For map stages, `_process_one_map` implements retry logic when `spec.on_failure == FailurePolicy.RETRY`:

```python
# src/deepzero/engine/runner.py:556-583
max_attempts = spec.max_retries + 1 if spec.on_failure == FailurePolicy.RETRY else 1
while attempts < max_attempts:
    ...
    backoff = min(2**attempts, 30)
    if self._shutdown_event.wait(backoff):   # returns True if shutdown fires
        return None
    continue
```

Backoff is exponential (`2^attempt`) capped at 30 seconds. The `_shutdown_event.wait(backoff)` call doubles as both a sleep and a cancellation check: if a shutdown is requested during the wait, the method returns `None` immediately.

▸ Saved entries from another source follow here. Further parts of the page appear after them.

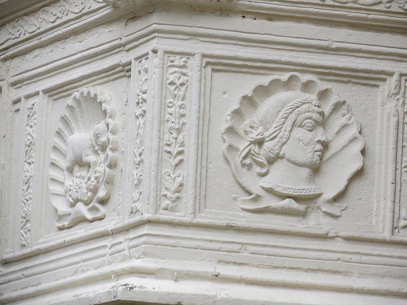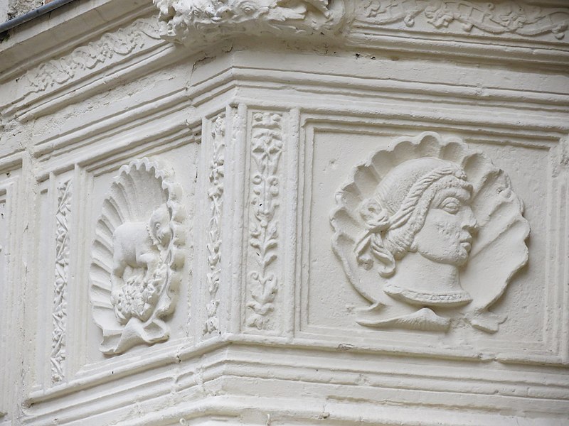 Eléments d'architecture sculptés de style Renaissance dans la cour de l'immeuble dans la Sarthe
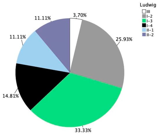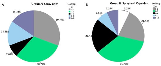 In comparison, the Spray + Capsules group (Group B) showed a slightly wider spread. Ludwig I-3 remained the most prevalent (35.71%), followed by I-2 and I-4 (both at 21.43%). Lower severity stages like II-1, II-2, and stage III each represented 7.14% of the group (Figure 7B).
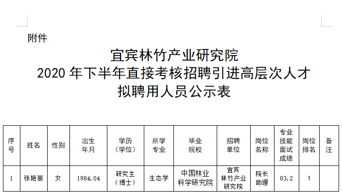 宜宾市林业和竹业局 关于樱花动漫大全直接考核招聘工作人员拟聘用人员的公示
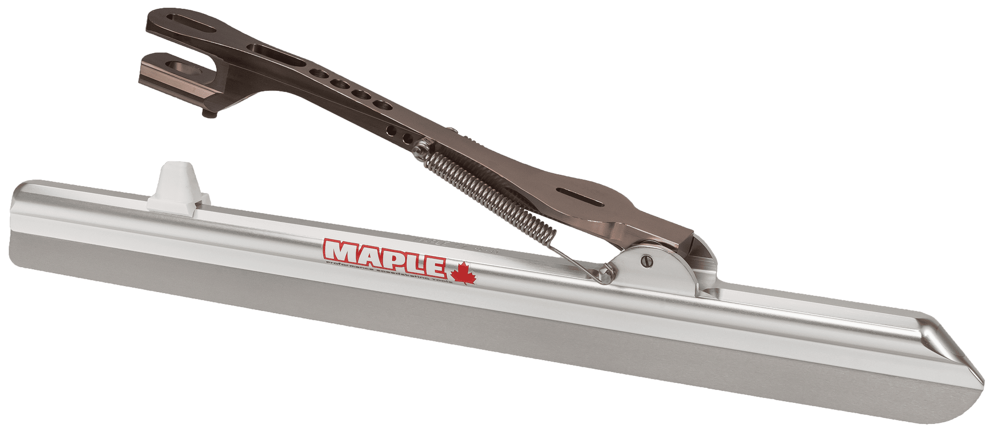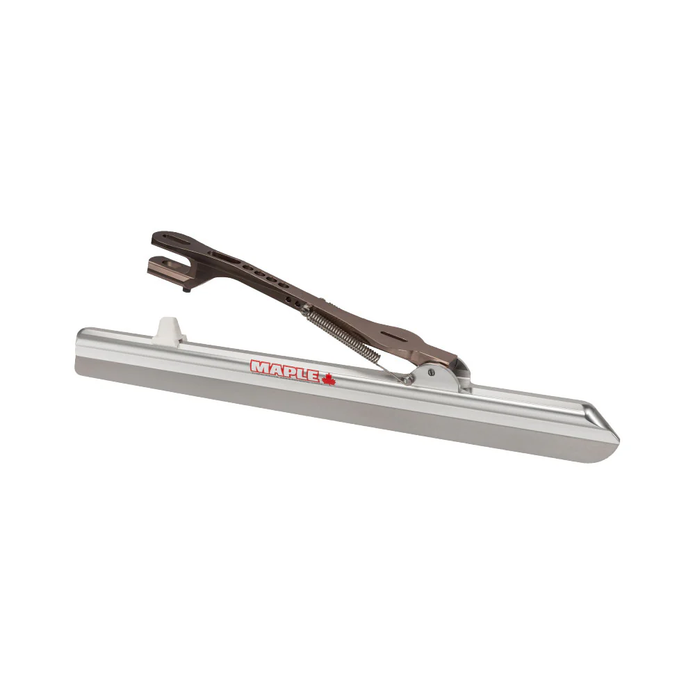 The MAPLE BLIZZARD Clap Longtrack Blade features the same high chrome stainless steel runner as on the Chrome ST blade ground to 1.1 mm thickness. Exceptional glide and durability for this price range. in addition it can be equipped with front to back slots for Long Track style boot mounts or side ways slots for fixed bolt 6.5″ 165 mm designs. Fast and affordable. The Best buy in a competitive long track clap blade. 1,1 mm chrome tool steel 58 Hrc. The blades have received a special treatment in order to reduce the friction to a minimum.Precision ground blades Aluminum 7000 series tube for optimal flexibility; stable and yet easy to control.
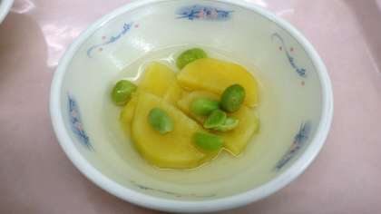 今日は,スチームコンベクションオーブンで作りました。さつまいものやさしい甘さと,えだ豆のいろどりを楽しんでほしいと思います。

For per-sample timeouts, `_execute_with_timeout` wraps the processor call in a single-thread `ThreadPoolExecutor` with `future.result(timeout=spec.timeout)`. Sources: [src/deepzero/engine/runner.py:529-631](), [src/deepzero/engine/runner.py:760-775]()

---

## The Live Dashboard

`PipelineDashboard` (powered by Rich's `Live`) pins a stage table and progress bar to the bottom of the terminal while log output scrolls above it. Each stage row shows the input count, passed/filtered/failed tallies, and elapsed time. A fully-cached stage (all samples already done) is shown with a `↻` glyph and "cached" in the time column instead of a real duration.

```python
# src/deepzero/engine/ui.py:307-318
time_str = (
    "[dim]cached[/]" if info.is_fully_cached else _format_elapsed(info.elapsed_s)
)
glyph = "↻" if info.is_fully_cached else _GLYPH_DONE
```

The dashboard also emits a short interrupt message when the run stops early, reminding the user to re-run without `--clean` to resume. Sources: [src/deepzero/engine/ui.py:226-233](), [src/deepzero/engine/ui.py:304-318]()

---

## The `context.md` Side-Channel

After each sync barrier, `_generate_context_files` regenerates a `context.md` for every active sample. The file is a Markdown summary of the sample's current history, artifacts, and per-stage data values, produced by `generate_context` in `context.py`. It is written atomically using the same `atomic_replace` call as all other state writes. This file is primarily a convenience for LLM-powered processors that want a compact, human-readable view of what has happened to a sample so far:

```python
# src/deepzero/engine/context.py:8-51
def generate_context(sample_dir: Path, state: SampleState) -> None:
    # auto-generate a human-readable context.md for LLM consumption
    ...
    tmp.write_text(content, encoding="utf-8")
    atomic_replace(tmp, path)
```

Generation is skipped when `context.md` is already newer than `state.json`, so the overhead is proportional to the work actually done in the most recent stage. Sources: [src/deepzero/engine/context.py:8-51](), [src/deepzero/engine/runner.py:786-795]()

---

## Summary

`PipelineRunner` executes stages breadth-first with a sync barrier between each one. Map stages use a `ThreadPoolExecutor` and flush results to disk in batches of 50. `StateStore` guarantees that every write is atomic via a write-to-`.tmp`-then-rename pattern, with a Windows Defender retry loop to handle antivirus file locking. `SampleState` records the full outcome of every stage in a `history` dict keyed by stage name. On the next run, `list_samples` re-hydrates those records and `is_stage_done` skips any sample whose stage is already terminal — making every run an exact continuation of the last. The entire durability guarantee rests on `atomic_replace` in `src/deepzero/engine/state.py:32-41`.